Describes the browser support for Cors, and you can see that IE8, 9 is partially supported. Online solutions are all Internet Explorer 8, 9 using Xdomainrequest objects to implement Cors. Is it so complicated? So Bo master all kinds of Baidu to find a solution. The last discovery is to specify JQuery.support.cors = True at the call, which solves the problem of IE8, 9. Specifically, in the Index.js .

JQuery.support.cors = True;var Apiurl = "http://localhost:27221/"; $ (function () {    $.ajax ({        type: "Get",        Url:apiurl + "Api/charging/getallchargingdata",        data: {},        success:function (data, status) {            if (status = = ") Success ") {                $ (" #div_test "). HTML (data);            }        },        error:function (e) {            $ (" #div_test "). HTML (" "Error");        },        complete:function () {});    });

The meaning of this sentence is to specify that the browser supports cross-domain. Originally IE9 above version of the browser, Google, Firefox and so on are supported by default cross-domain, and IE8, 9 but the default does not support cross-domain, we need to specify a bit. You can print jQuery.support.cors in your browser and see. Will this fix the problem after setting it up? Let's look at the effect:

Problem solved perfectly. As for the online cors on IE8, 9 solution xdomainrequest is going to be verified by the case.

3) Cors's specific parameter settings.

Above we use

Config. Enablecors (New Enablecorsattribute ("*", "*", "*"));

This sentence solves the cross-domain problem, which says that the * number is unsafe. Because it means that whenever someone knows your request URL, any request can access your resource. This is quite dangerous. So we need to do some configuration to restrict access. For example, our more common practice is as follows:

Configuration method One, in the Web. config (PS: These two images originate from: http://www.cnblogs.com/moretry/p/4154479.html)

Then in the Register method of the WebApiConfig.cs file

Configuration method Two, if you only want to do some API cross-domain, you can directly on the API class using the attribute annotation.

[Enablecors (Origins: "http://localhost:8081/", Headers: "*", Methods: "Get,post,put,delete")]    public class Chargingcontroller:apicontroller {//<summary>///For        all data//        </summary> ///        <returns> return Data </returns>        [HttpGet]        public string Getallchargingdata ()        {            return ' Success ';        }    }
Iv. Summary

The above is a simple cors solution Webapi cross-domain problems, because bloggers use WEBAPI time is not long, so many theoretical points may not be mature, if there is said wrong, welcome to point out. Thank you, Bo Lord.

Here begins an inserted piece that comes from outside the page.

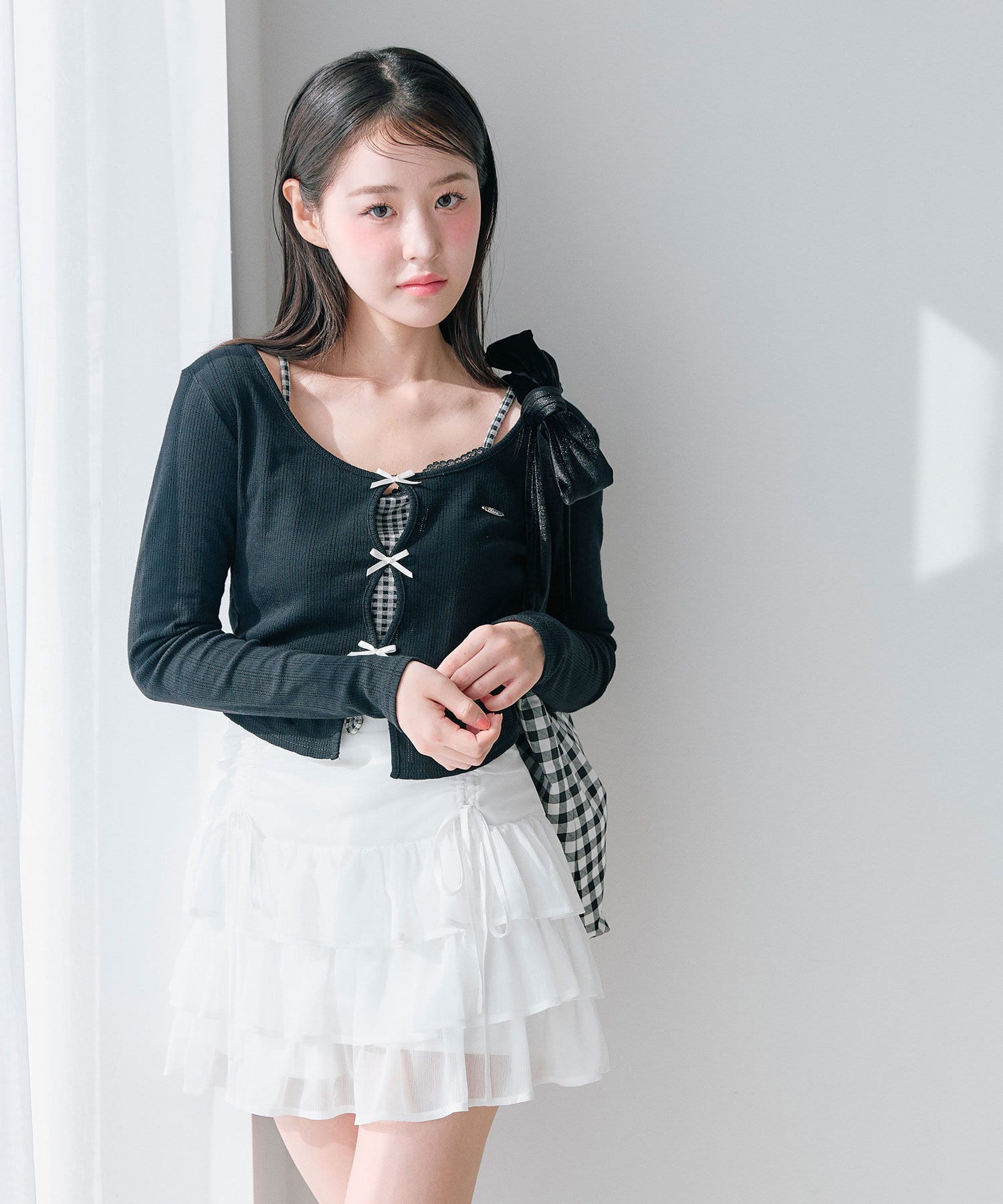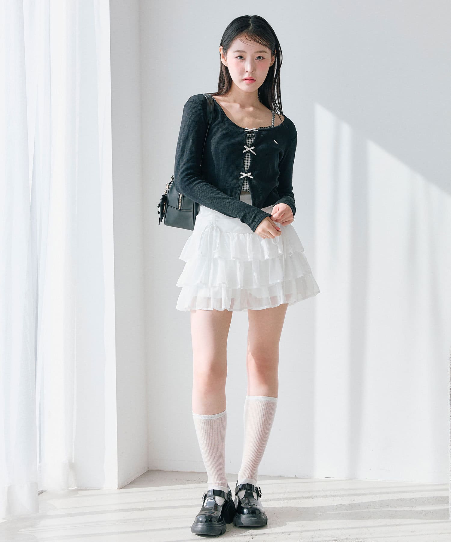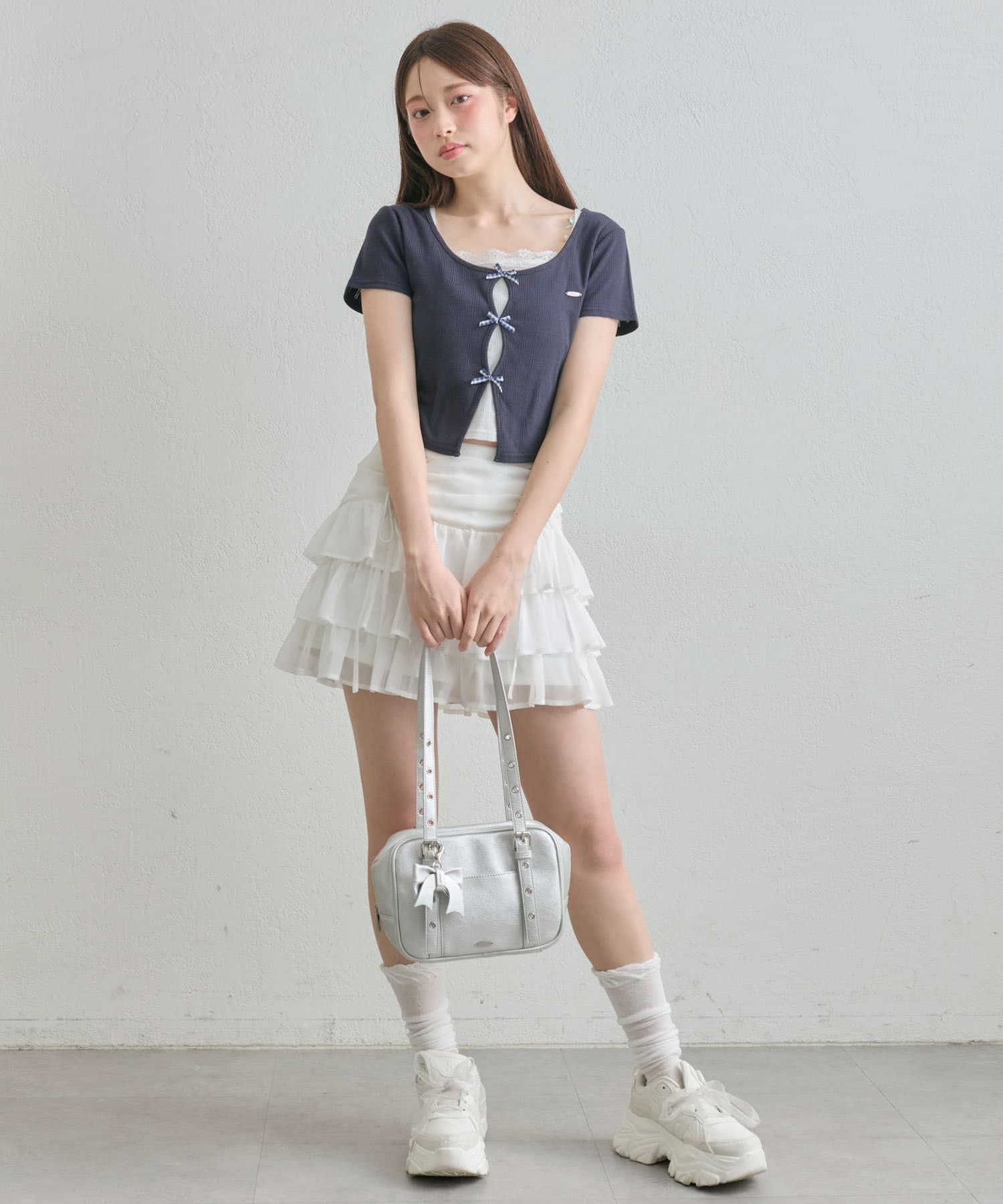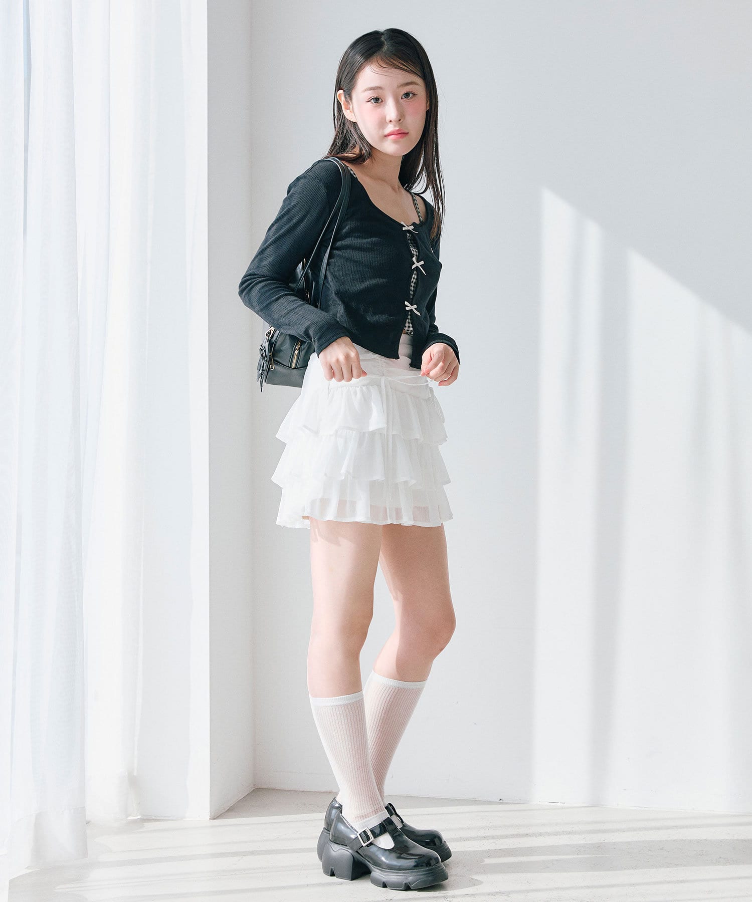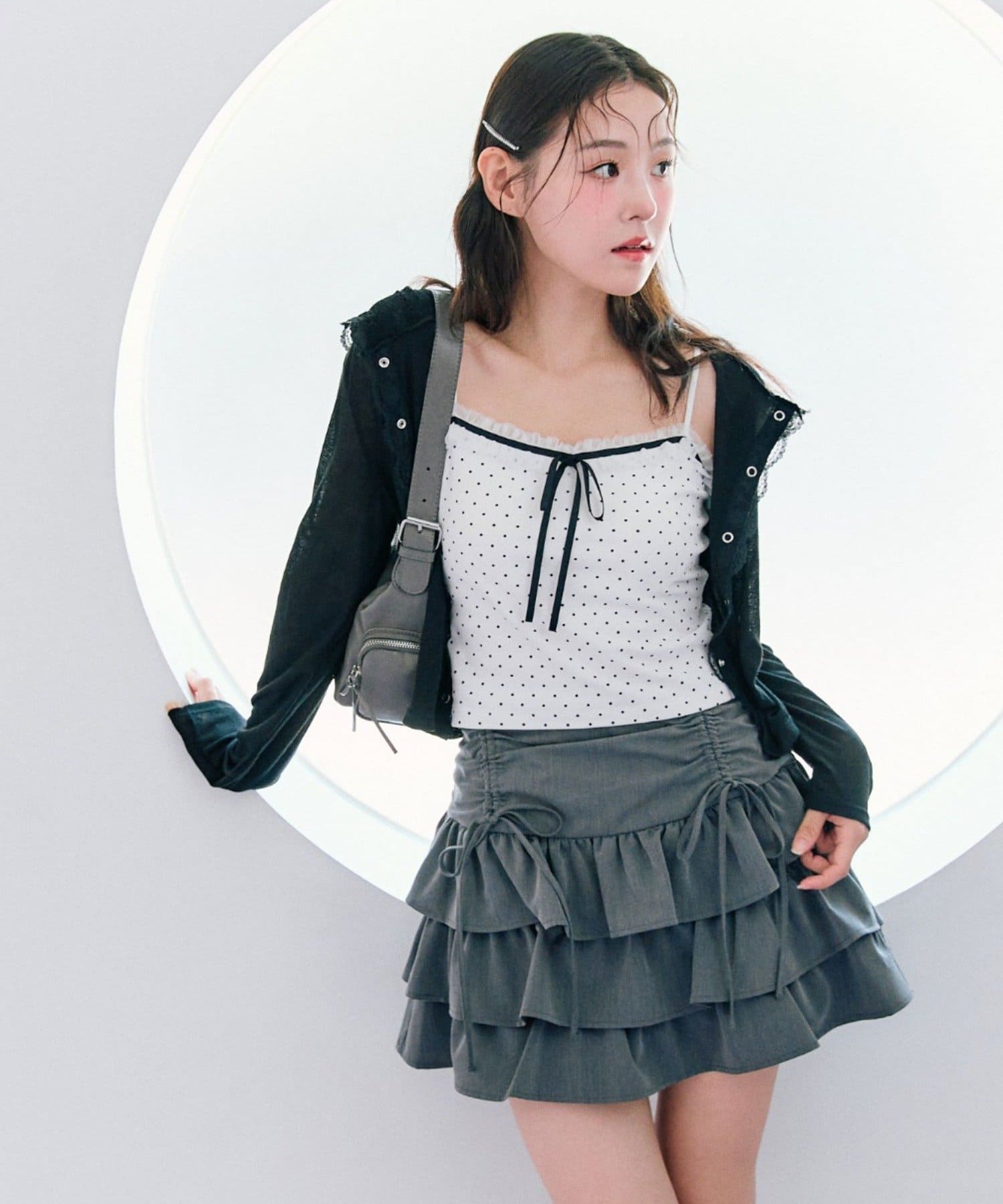 ドロストデザインがポイントのティアードミニスカート

WEBAPI cross-Domain Problem resolution: CORS

Contact Us

The content source of this page is from Internet, which doesn't represent Alibaba Cloud's opinion; products and services mentioned on that page don't have any relationship with Alibaba Cloud. If the content of the page makes you feel confusing, please write us an email, we will handle the problem within 5 days after receiving your email.

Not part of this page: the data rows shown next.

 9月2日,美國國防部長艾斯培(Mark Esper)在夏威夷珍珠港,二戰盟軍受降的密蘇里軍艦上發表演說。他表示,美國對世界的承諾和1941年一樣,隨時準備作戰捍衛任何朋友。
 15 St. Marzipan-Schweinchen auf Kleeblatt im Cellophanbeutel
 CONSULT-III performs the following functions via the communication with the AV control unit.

If you find any instances of plagiarism from the community, please send an email to: info-contact@alibabacloud.com and provide relevant evidence. A staff member will contact you within 5 working days.

A Free Trial That Lets You Build Big!

Start building with 50+ products and up to 12 months usage for Elastic Compute Service

  • Sales Support

    1 on 1 presale consultation

  • After-Sales Support

    24/7 Technical Support 6 Free Tickets per Quarter Faster Response

  • Alibaba Cloud offers highly flexible support services tailored to meet your exact needs.